EXTRACTED DATA:
# # # # #

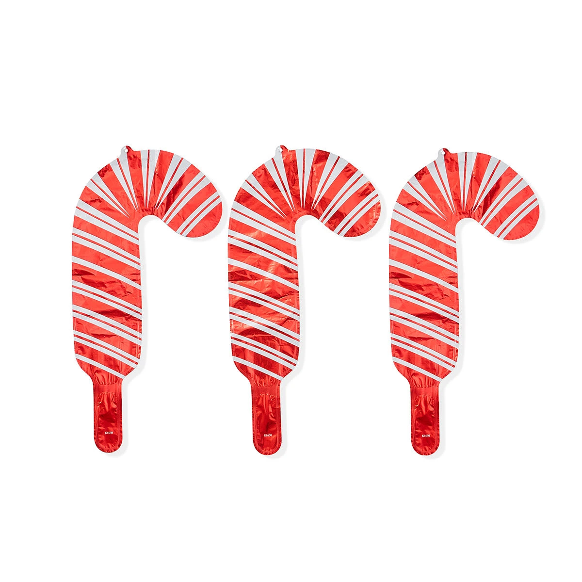 - Includes 3 x candy cane foil balloons, 30 x latex balloons, 5 x latex balloons with pre-filled confetti, 5 x latex balloons, 1 x snowflake foil garland and 1 x plastic tape
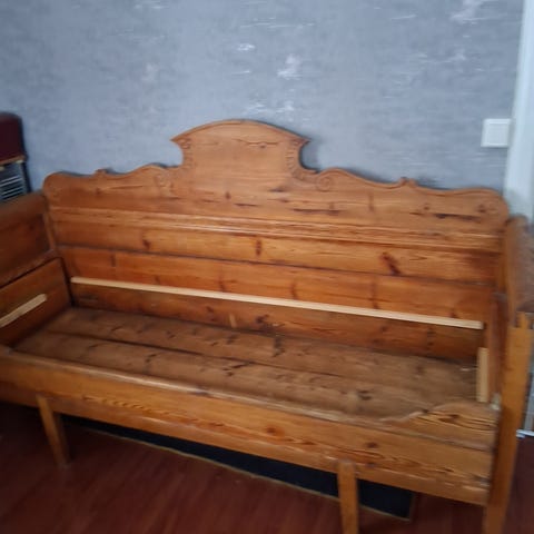Sohvassa on kevyesti pehmustettu kansi, jonka kangas on rikki mutta helposti vaikka itse vaihdettavissa. Kannesta on jäänyt sohvaan pienet kulumat, jotka näkyvät kuvissa. Jalat ovat hiukan pidemmät sillä puolella, josta sohva levitetään, joten sivusta katsottuna sohva on vinossa. Sitä ei juurikaan huomaa, ellei sohvaa katso sivusta. Maalipinnassa on pientä kulumaa/patinaa kun katsoo tarkasti.
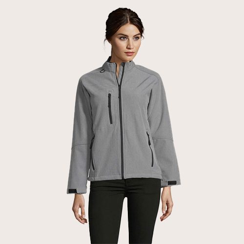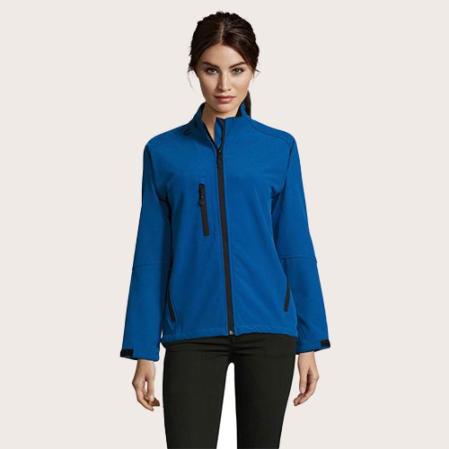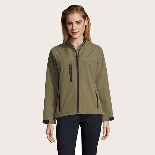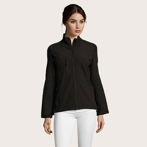 Chaqueta Softshell Mujer 340 g/m². Softshell 340, 3 capas, 94% poliéster – 6% elastano, 8000mm membrana impermeable y transpirable, 2 cremalleras en bolsillos laterales, 1 bolsillo en el pecho, cordón ajustable en la cintura, puño ajustable con velcro, cremallera SBS.
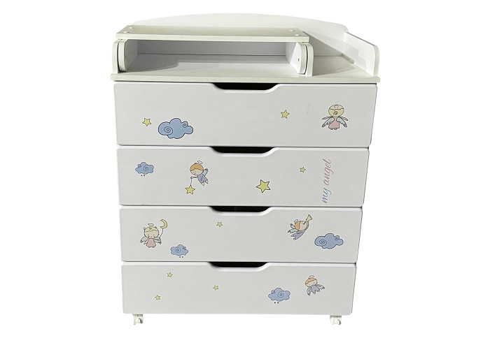 Практичный и функциональный детский комод выполнен в оригинальном дизайне. В комоде четыре вместительных ящика с удобными ручками в виде выемок. Ящики удобно выдвигаются и задвигаются. На поверхности комода оборудован складной пеленальный столик с бортиками безопасности, который в сложенном виде можно использовать в качестве дополнительной полочки.
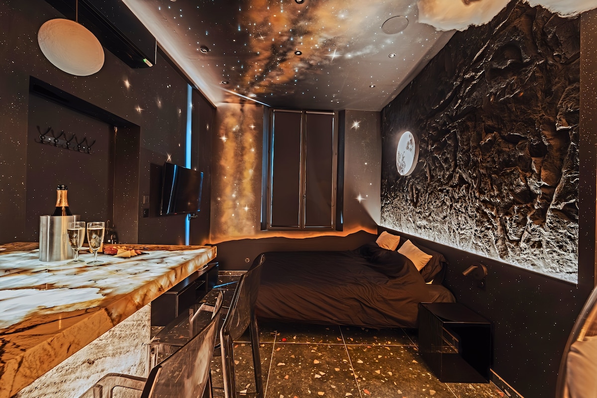 An aerial view captures the terracotta rooftops of the buildings, with a small private terrace featuring a round jacuzzi surrounded by wooden decking. Two lounge chairs are visible on the terrace, along with lush greenery adding a touch of nature to the urban setting.
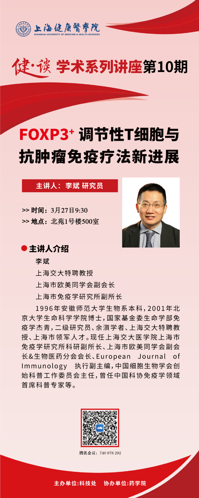 【健·谈】第10期学术系列讲座将于3月27日上午09:30在北苑1号楼500室举办,本期特邀上海交通大学特聘教授李斌作主题为“FOXP3+调节性T细胞与抗肿瘤免疫疗法新进展”的报告,欢迎大家前来参加!

# # # # #

Every line between the one containing "Практичный и функциональный" and the last line of the data above, both included, should be copied exactly, but not the pictures.

TASK SOLUTION:
 Практичный и функциональный детский комод выполнен в оригинальном дизайне. В комоде четыре вместительных ящика с удобными ручками в виде выемок. Ящики удобно выдвигаются и задвигаются. На поверхности комода оборудован складной пеленальный столик с бортиками безопасности, который в сложенном виде можно использовать в качестве дополнительной полочки.
 An aerial view captures the terracotta rooftops of the buildings, with a small private terrace featuring a round jacuzzi surrounded by wooden decking. Two lounge chairs are visible on the terrace, along with lush greenery adding a touch of nature to the urban setting.
 【健·谈】第10期学术系列讲座将于3月27日上午09:30在北苑1号楼500室举办,本期特邀上海交通大学特聘教授李斌作主题为“FOXP3+调节性T细胞与抗肿瘤免疫疗法新进展”的报告,欢迎大家前来参加!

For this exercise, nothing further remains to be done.